Transform PDF documents into structured knowledge graphs with citation provenance

These details have not been verified by PyPI

Project links

Project description

MalimGraph

███╗   ███╗ █████╗ ██╗     ██╗███╗   ███╗ ██████╗ ██████╗  █████╗ ██████╗ ██╗  ██╗
████╗ ████║██╔══██╗██║     ██║████╗ ████║██╔════╝ ██╔══██╗██╔══██╗██╔══██╗██║  ██║
██╔████╔██║███████║██║     ██║██╔████╔██║██║  ███╗██████╔╝███████║██████╔╝███████║
██║╚██╔╝██║██╔══██║██║     ██║██║╚██╔╝██║██║   ██║██╔══██╗██╔══██║██╔═══╝ ██╔══██║
██║ ╚═╝ ██║██║  ██║███████╗██║██║ ╚═╝ ██║╚██████╔╝██║  ██║██║  ██║██║     ██║  ██║
╚═╝     ╚═╝╚═╝  ╚═╝╚══════╝╚═╝╚═╝     ╚═╝ ╚═════╝ ╚═╝  ╚═╝╚═╝  ╚═╝╚═╝     ╚═╝  ╚═╝

From documents to knowledge graphs.

Transform PDF documents into structured knowledge graphs with full citation provenance.
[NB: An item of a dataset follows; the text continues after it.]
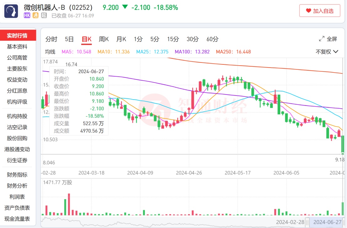 消息一出开盘后,微创机器人股价立即大跌,跌幅迅速突破15%直至收盘,当日最大跌幅达到18.76%%,股价跌至9.18港元,刷新其上市以来新低。若按股价折算,微创机器人相当于融资1.17亿元人民币,市值跌去20.3亿港元。

Every entity and relationship traces back to the exact PDF page and verbatim text that supports it.

Features

Tool	Description
`extract_knowledge_graph`	Hybrid rule + LLM extraction → entities, relationships, citations
`chunk_document`	Token-aware overlapping chunks with heading context for RAG
`render_document_html`	Structured HTML with page anchors, entity annotations, TOC + search
`manage_graph_db`	Load, query, and manage graphs in Neo4j or PostgreSQL (Apache AGE)
`embed_and_store_chunks`	Embed chunks into PostgreSQL pgvector (OpenAI / Voyage / local)

Three ways to use:

MCP Server — connect to Claude Desktop, Claude Code, or claude.ai
CLI — malimgraph extract, chunk, render, db, vector
Claude Skills — 5 installable .skill packages for claude.ai

Quick Start

Claude Code / Claude Desktop (no API key needed)

pip install malimgraph
claude mcp add malimgraph -- malimgraph-plugin

Restart Claude Code, then just ask:

"Extract a knowledge graph from report.pdf and save to ./output/"

Claude reads the PDF, extracts entities using its own intelligence, and saves the graph. No ANTHROPIC_API_KEY required.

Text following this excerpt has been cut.